**Supplied information:**

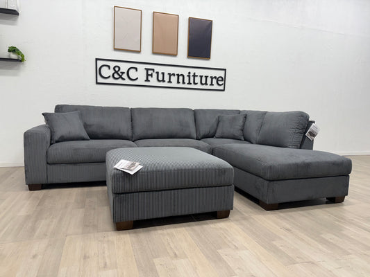 Thomasville Artesia Corduroy Fabric Sectional with Ottoman
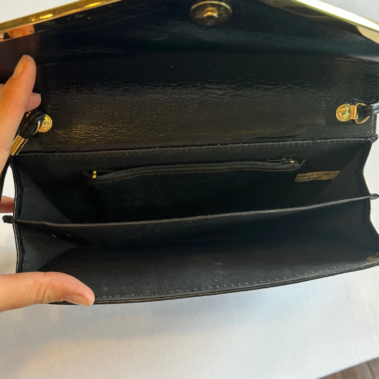 Material: Faux Patent Leather with Metal Gold Accent
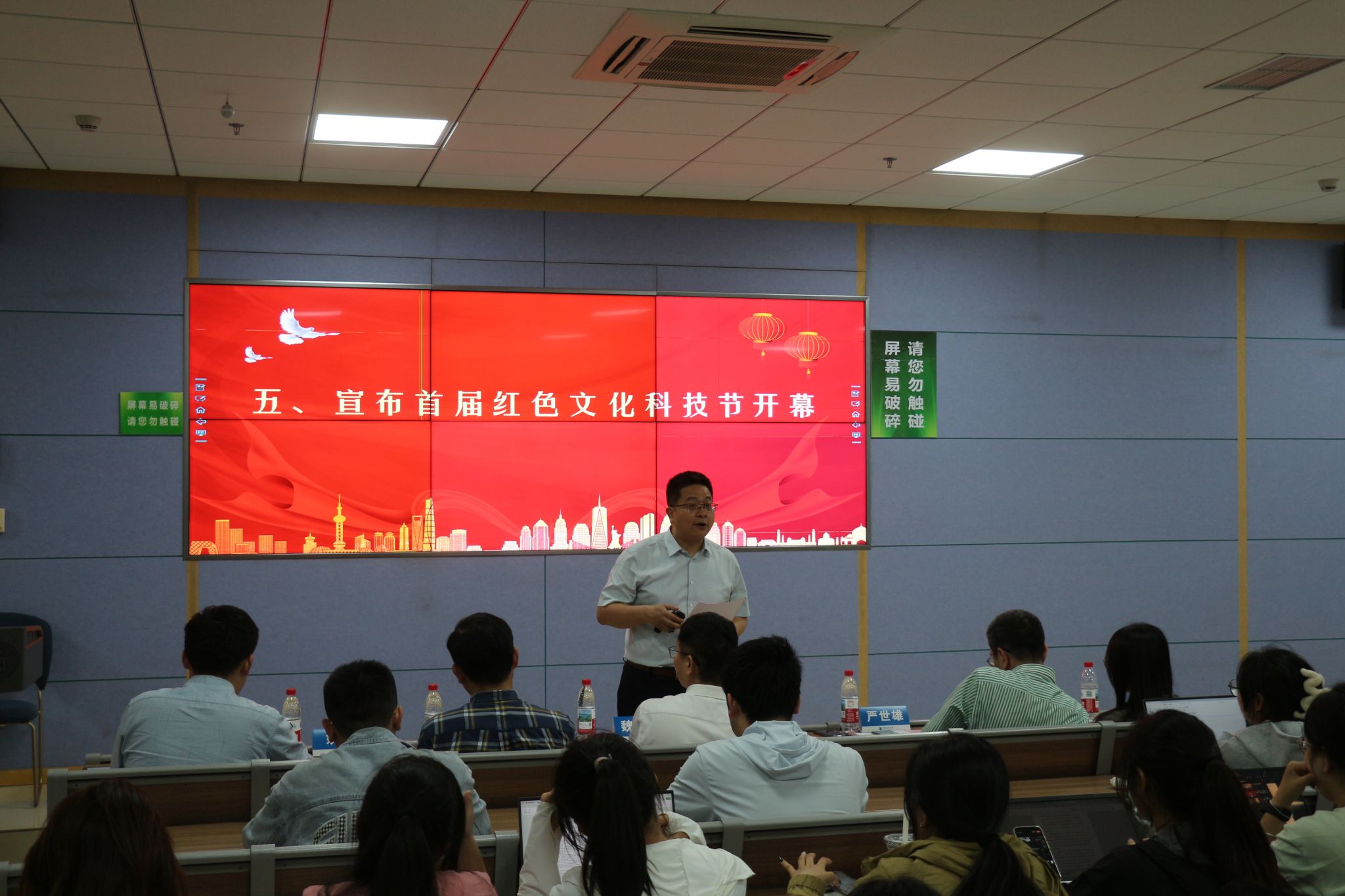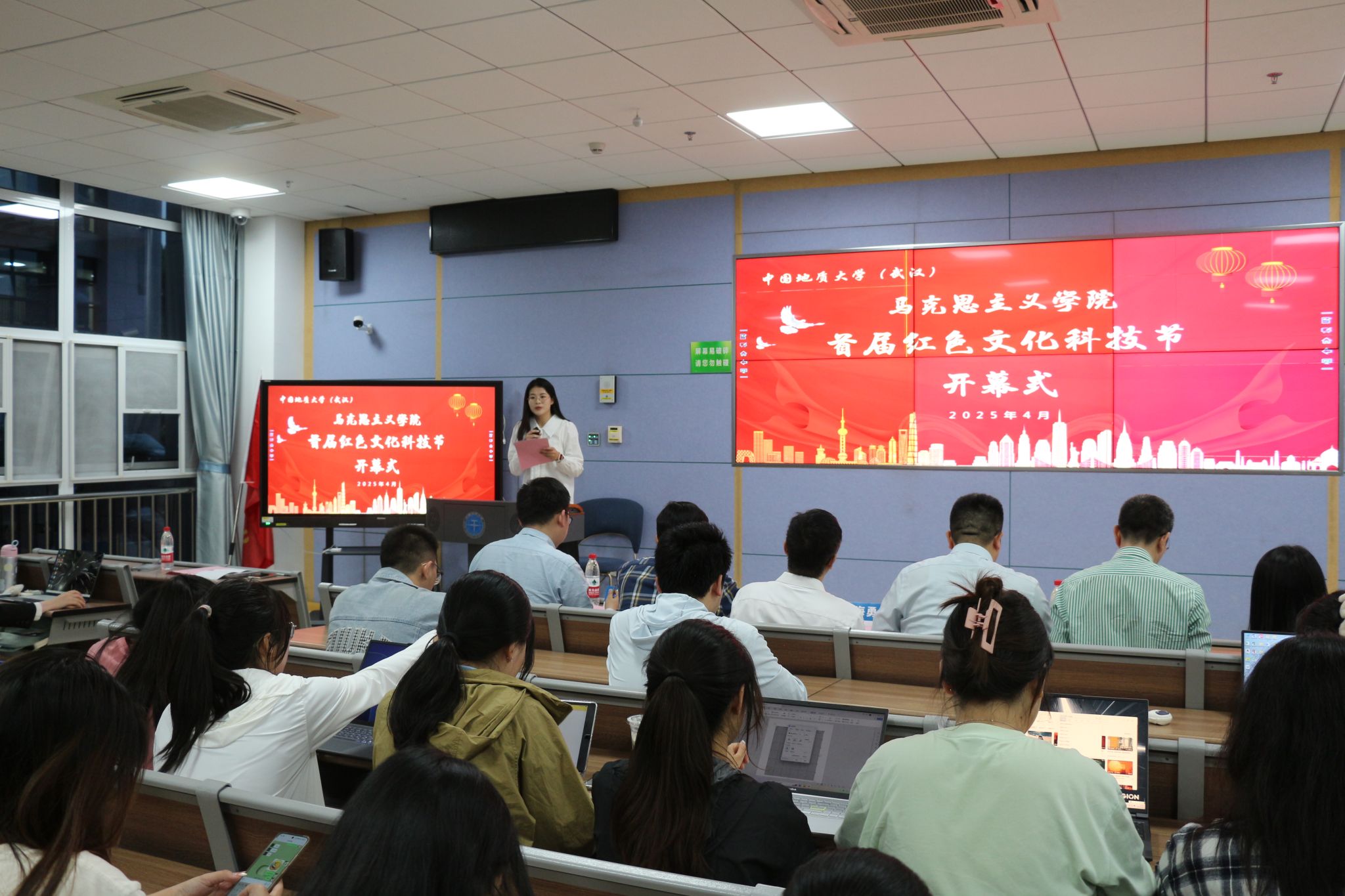 陈军鼓励广大同学弘扬马克思主义学风,不断增强问题意识、学术意识和学科意识,在学术研究中提升自己。他代表学院宣布:首届红色文化科技节开幕!

**Exercise:**
An exact repeat of the listing above, pictures excluded, is the answer.

**Response box:**
 Thomasville Artesia Corduroy Fabric Sectional with Ottoman
 Material: Faux Patent Leather with Metal Gold Accent
 陈军鼓励广大同学弘扬马克思主义学风,不断增强问题意识、学术意识和学科意识,在学术研究中提升自己。他代表学院宣布:首届红色文化科技节开幕!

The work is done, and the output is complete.